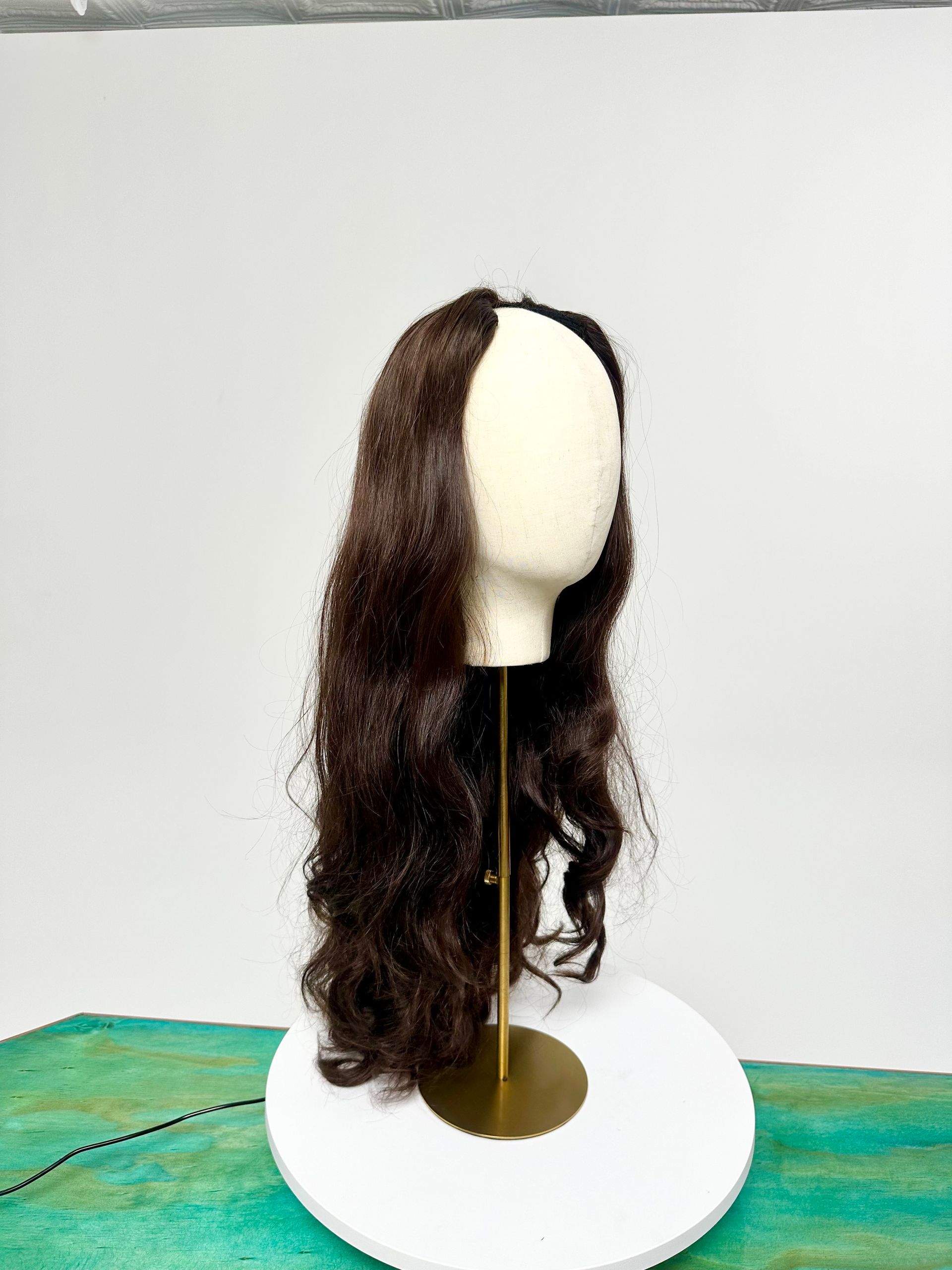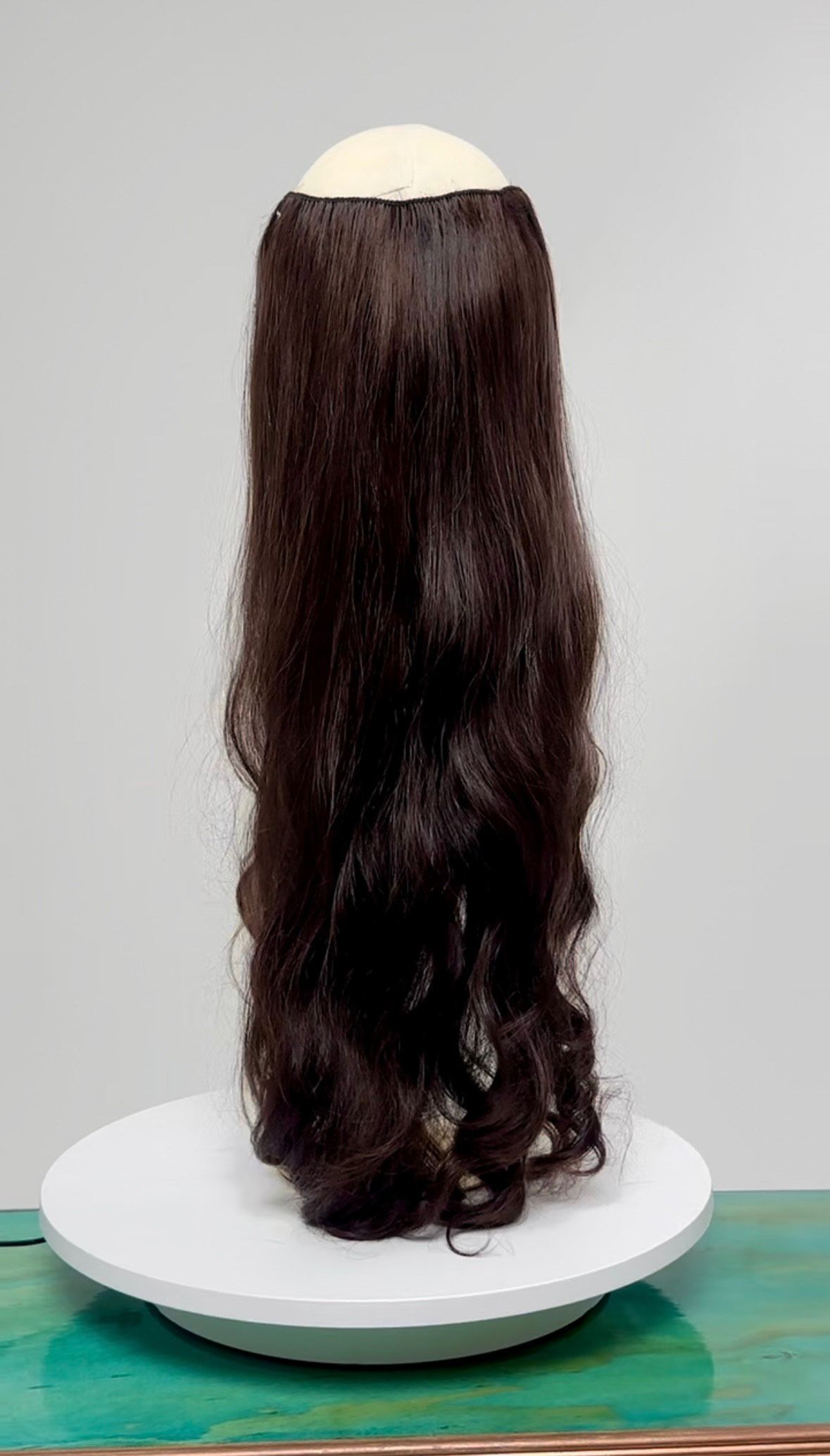 V-Shape Topper, Dark Brown 26” inch, 180% Extra Thick, 12A, REMY, Indian, Double Drawn
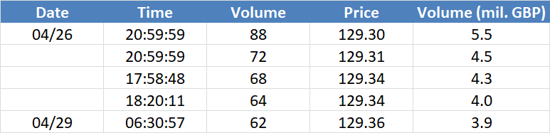 A legnagyobb volumenű tranzakciók a GBPUSD devizapáron:
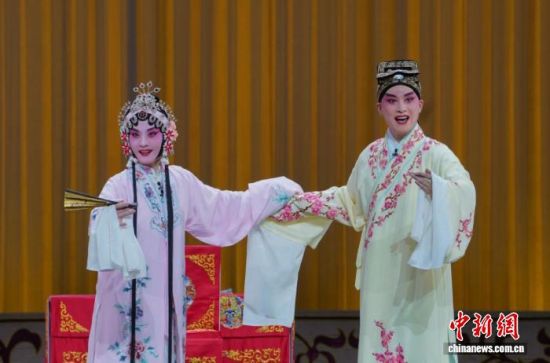 5月21日晚,第32届中国戏剧梅花奖在上海揭晓,尹春媛(左)和搭档在舞台上表演《玩会跳船》。山东省柳子剧团供图

### EXERCISE DIRECTIONS:
Take the listing above and retype it exactly. Its pictures are to be omitted.

### TASK RESULT:
 V-Shape Topper, Dark Brown 26” inch, 180% Extra Thick, 12A, REMY, Indian, Double Drawn
 A legnagyobb volumenű tranzakciók a GBPUSD devizapáron:
 5月21日晚,第32届中国戏剧梅花奖在上海揭晓,尹春媛(左)和搭档在舞台上表演《玩会跳船》。山东省柳子剧团供图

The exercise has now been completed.